My NA1 R12 system is similar.... Some bubbles during the beginning then disappear, but I do see a little bubbles once in awhile. I was told that is OK. Someone mentioned that it is better a little under charged and over charged. The AC seems to be working OK.
 
Yes, better undercharged than overcharged. Adding a small amount of refrigerant will make the bubbles go away. The biggest problem with low refrigerant is that compressor will run continuously instead of cycling. In super high humidity I have seen the evap ice up due to this which greatly reduces cooling. A sure clue of low refrigerant is the air being colder out of the vents on one side of the car than the other.
 
OK, no major progress here - hit an miss. Went to autoparts store to buy some refrigerant. AC worked like a charm there and back.

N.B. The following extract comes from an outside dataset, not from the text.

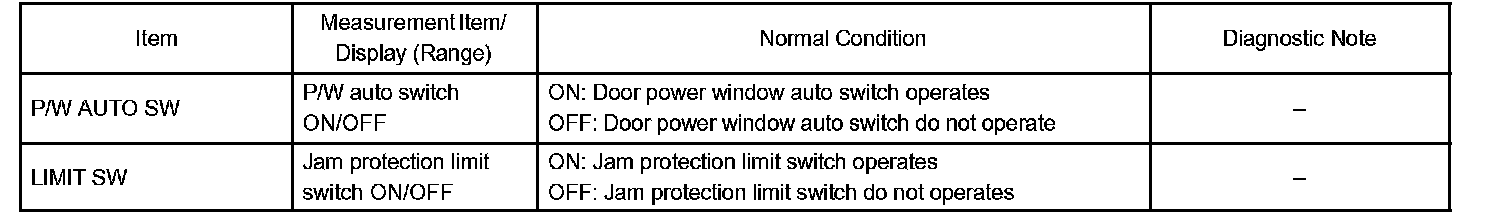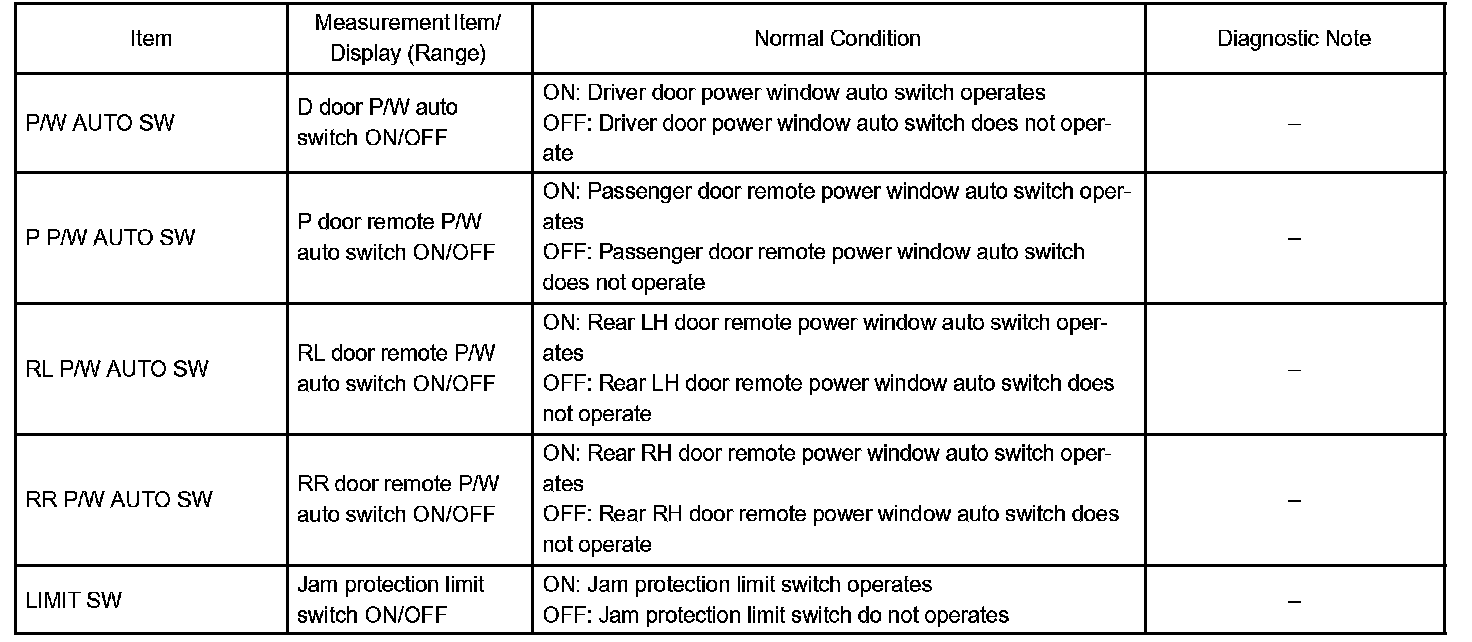 Door ECU (Passenger, Rear LH, Rear RH): (Switch condition)

Got home and evacuated system, ran vacuum for 45 minutes. Went to charge and after I got the first can in (~340g), the compressor wasnt turning on. High side well within range. This is the symptom I have been having. Ran over and checked compressor feed (to turn it on at compressor) and 0 volts. Used my power probe and applied 12V and the clutch engaged and compressor ran normally. Was only able to put a lil over a can in and no bueno....

I have an electrical issue somewhere so as I start to diagnose I have a few questions...

I had CCU rebuilt by SoS, all controls work as expected...
My aspirator behind dash panel has a failed fan motor - i have a new one but havent taken dash apart yet...

Could the aspirator be fudging up the system? I am whipping up the troubleshoting guide and FSM, but appreciate any ideas.

Chris
 
Update - fired up car and “played” with the relays (fans and compressor) and got compressor to fire up. Noticed blower and high blower relays were pretty warm. Regardless had system up and running and added 837g of R134. Will potentially get some spare relays. Is it typical of a failing relay to get warm and disengage? Why would blower relays be so warm (blower always worked)…

Alas. Some progress.
 
Why would blower relays be so warm (blower always worked)…

Alas. Some progress.
Check the power draw on the blower motor.

Consider disassembling the blower motor to check brushes, bearings, and a general cleaning of the motor internals. It is amazing how much crud builds up. Also, I find that when the brushes get very worn, the motor can pull a lot of amps.